While the reduction in the tax charge on repayment of surplus from 35 per cent to 25 per cent in April 2024 will be welcome news for some employers with defined benefit (DB) schemes, it is likely to be of little incentive to many because of the vagaries of their scheme rules.
Some scheme rules have an absolute prohibition on surplus being repaid to the employer, while for others it can be at the trustees’ discretion and often only on wind-up and after they have decided whether to augment members’ benefits.
It is worth remembering, these schemes rules were drafted when there were very different funding and tax regimes in place.

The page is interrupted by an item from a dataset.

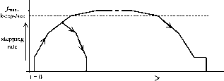 (a) (b) FIGURE 27.92 Drive circuits for one phase of a bifilar-wound motor, (a) Bifilar pole windings; (b) drive circuits. T, Nm T, Nm T,Nm Phase A Phase В Phase С FIGURE 27.93 Т-в characteristics of a three-phase variable-reluctance motor. 27.8.6 Microstepping The drive sequences mentioned in Section 27.8.2 normally switch rated current through the motor windings. These produce regular step angles. The half-stepping operation also uses rated motor currents. Halving of the step angle is arranged mainly through the selection of the windings switched. In microstepping, the regular step angle of the motor is subdivided further by a factor, typically from 10 to 100, by energizing the winding partially, with combinations of currents ranging from zero to full rated value in more than one winding simultaneously. This does not lead to any sacrifice of the developed torque, since the phase currents are so selected that the peak of total torque contributed by two partially energized windings is not lower than the peak detent torque Tjax obtained in regular stepping. The idea behind microstepping is readily understood when it is considered that by increasing the current in phase A of a two-phase hybrid in 10 equal steps to full value and decreasing the current in phase Б in a similar manner, the motor step size may be divided by a factor of 10. If closed-loop current controllers are added to the two drive circuits of Fig. 27.91 and distinct current references are obtained from a reference generator, a complete microstepping drive is realized. In microstepping, the two current references must have values such that the motor does the following: 1. Develops the same T for every combination of winding currents 2. Develops the same torque slope, i.e., dT/dO at every microstepping detent position 3. Dissipates no more than the rated power loss (IR) for every combination of winding currents The preceding conditions are necessary if the motor is to retain its static accuracy, maximum torque, and power dissipation characteristics. The static torque characteristics (Fig. 27.92) of stepper motors are close to but not exactly sinusoidal functions of angle 9. The required current references for all windings of a stepper motor, including the variable reluctance motor of three or more phases, can easily be calculated from the data of the Т-в characteristics of the motor for each phase for various currents and rotor positions. A typical set of Т-в data for a three-phase variable-reluctance motor is shown in Fig. 27.93. The application of the three conditions mentioned earlier leads to an unique set of current references for each phase of the motor for each microstep. Figure 27.94 shows the current references for this motor for microstepping. In multistepping operation, these microstepping current references have to be issued to the current controllers for each phase, at a rate determined by the commanded stepping rate. Care has to be taken in designing the phase current controllers so that actual winding currents match the current references in both single and multistepping operation up to the maximum stepping rate desired. Since the current references are time varying, high-bandwidth current controllers are normally required to cover the desired speed range. ![]() Time, t FIGURE 27.95 Typical acceleration/deceleration profiles. 27.8.7 Open-Loop Acceleration-Deceleration Profiles As mentioned in Section 27.8.4, many applications require the stepper motors to be driven far above the stepping rates to and from which the motor can start and stop abruptly without losing or gaining any step. This caUs for carefully designed acceleration/deceleration profiles that the stepping pulse rate must not exceed. The number of steps the motor is to be stepped and its direction are normally under the control of the motion controller. Once this reference is known, a digital timer/coun-ter circuit can be used in the controller to progressively adjust the time between the stepping pulses such that a prescribed acceleration/deceleration profile, as indicated in Fig. 27.95, is followed. The timer/counter and the pulsing sequence controller (the translator) need to be managed in real time to execute the motion-control task at hand. The fastest acceleration-deceleration profile a stepper motor is capable of is largely determined by its puU-out (T-co) characteristic, which in turn is determined by the motor winding parameters and the drive circuit. An optimized stepping profile to and from the top speed may have a number of segments, as indicated in Fig. 27.95. These profiles are easily computed from the pull-out (Т-ш) characteristic by integrating the dynamic torque balance equation of the drive. For a large positioning angle, the entire profile, including some constant-speed running at the top speed, may be used. For short positioning angles, only part of the profile may be traversed. In general, a single-segment acceleration-deceleration profile is used in commercial stepper motor controllers, so as to avoid a great deal of realtime number crunching by the profile controUer. The overaU stepper motor controller thus consists of the blocks depicted in Fig. 27.96.

The recent Pensions Ombudsman’s decision in a complaint relating to the Water Companies Pension Scheme – Bristol Water plc Section confirms that trustees can decide to pay all the surplus to the employer, notwithstanding that they have discretion to use it to increase members’ benefits.
However, as that case also demonstrates, such a decision could expose trustees to complaints from members.
The government has promised to consult on changes to the rules on repayment of surplus.
If the government is going to incentivise employers to run on their schemes, at the very least, it needs to: (i) introduce a statutory override to amend scheme rules exercisable at the employer’s request; and (ii) allow surplus to be repaid while a scheme is ongoing but only if the scheme is funded to, say, buyout.
We await the consultation with interest.